Paulie Malignaggi Says He’ll Fight Conor McGregor & Artem Lobov In The Same Night
Although it’s thought that UFC lightweight champion Conor McGregor will finally defend his UFC title in his anticipated return, retired boxing champ Paulie Malignaggi isn’t letting go of his oft-discussed potential boxing match versus “The Notorious.”
The match-up had a ton of heat heading into McGregor’s boxing ‘money fight’ this summer, as the controversy over a now-infamous sparring session where the UFC megastar supposedly dropped Malignaggi dominated MMA headlines mid-August. It understandably lead to talk of a potential boxing match with Malignaggi, but the momentum all but went away when McGregor was finished by Mayweather.

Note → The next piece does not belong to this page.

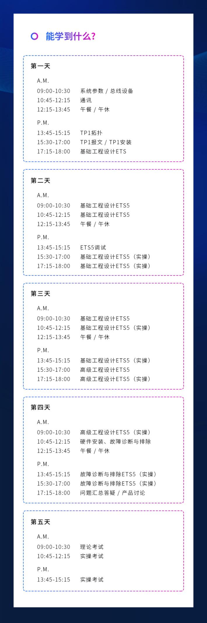 理論+實(shí)操,為期5天的培訓(xùn)內(nèi)容詳實(shí)豐富,必定讓你對(duì)KNX應(yīng)用技術(shù)有一個(gè)全面而深入的了解,你甚至或許能以專業(yè)客觀的角度對(duì)KNX設(shè)計(jì)方案的整體質(zhì)量作出評(píng)價(jià)。

Tony Ferguson won the interim UFC lightweight title at UFC 216, and it became obvious McGregor simply had to compete in the Octagon, even as Malignaggi recently claimed his manager Al Heymon was in talks to book his coveted bout with McGregor. McGregor’s team has even seemed to have begun to tease a title unification bout with Ferguson, and the always-there trilogy bout with Nate Diaz is well, just that.
However, Malignaggi won’t let it go.
The retired boxer tried to pull out all the stops on Twitter this week in response to a Bloody Elbow article where McGregor’s longtime training partner Artem Lobov, who lost to Andre Fili at last weekend’s UFC Gdansk, was considering a move to boxing and was willing to fight Malignaggi.
In an effort to fight the famed Irishman, Malignaggi offered to fight both he and Lobov on the same night:
I tell you what we could do just so we at least even the stakes, I fight he and Conor in the same night. I'm not even kidding either lol. https://t.co/u9IEivj1Ua
— Paul Malignaggi (@PaulMalignaggi) October 24, 2017
It may seem that it’s a last-ditch effort at getting a big fight no one really wants to watch, and Malignaggi continued to justify the outlandish prospect when someone asked him if he would fight McGregor and Lobov at the same time, referring back to the one-night tournaments of the early UFC where fighters would fight multiple times in a night:
Even the old UFC tournaments gave you time between fights when fighting multiple times in a night. Same platform I stop them both #Boxing https://t.co/JCuNfQb6cx
— Paul Malignaggi (@PaulMalignaggi) October 24, 2017
There’s probably not an athletic commission that would sanction such a pair of match-ups on the same night, but hey, Malignaggi might as well pull out all the stops for one last push for a fight he’s not going to get.
For MMA’s sake, let’s hope he doesn’t, at least.